The King of Yammer

Yammer 2 croppedWhen David said we’ll be using GotoMeeting on this project, I laughed. I’d never been on one yet which hadn’t had some kind of hitch. It’s a videoconferencing facility and we were part of a national project, aiming to meet the requirements of OFSTED while also reducing the amount of paperwork tutors have to complete, freeing them up for more teaching. What’s not to like..?

And I do love technology. It’s just that too much doing, too much busyness undermines our sense of who we are. We need periods of just being, if only for a few minutes each day; resting…thinking. When it goes wrong or doesn’t work, I tend to assume it’s something I’ve done, which is often the case but…as I discovered, not necessarily so.
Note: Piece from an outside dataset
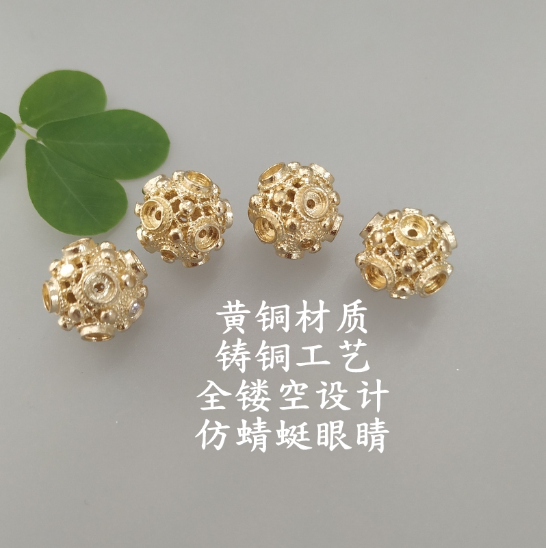 13mm brass dragonfly eye beads 252 far fragrance DIY ornaments hollowed-out inlaid with Li Jing training scattered beads big separy beads

A week and a bit after the two-day residential where we had all met on, worked together, split into teams and come away with action plans, one of the two groups I was coordinating, Starting Points, had asked for a ‘Goto’. I had carefully installed GotoMeeting software and gained ‘admin rights’ on my pc at home. I’d learned how to organise a meeting. I was ready to go.

Then, when 7pm on the Wednesday eve arrived, I was still 5 minutes late, so nobody could get on. Things always take twice as much time as you think. The audio was a bit “crackly”. Sometimes, it cut out altogether. I hadn’t noticed my video screen had frozen. Louise told me I had a fearsome stare. And I had…I clicked on the ‘Unfreeze frame’ button. Yet, the four in the group managed a ‘go round’ of mystery shopping exercises and writing a pre-course questionnaire. And a set of notes was produced, which were duly posted on Yammer, the social media site we were using on the project to keep us all connected.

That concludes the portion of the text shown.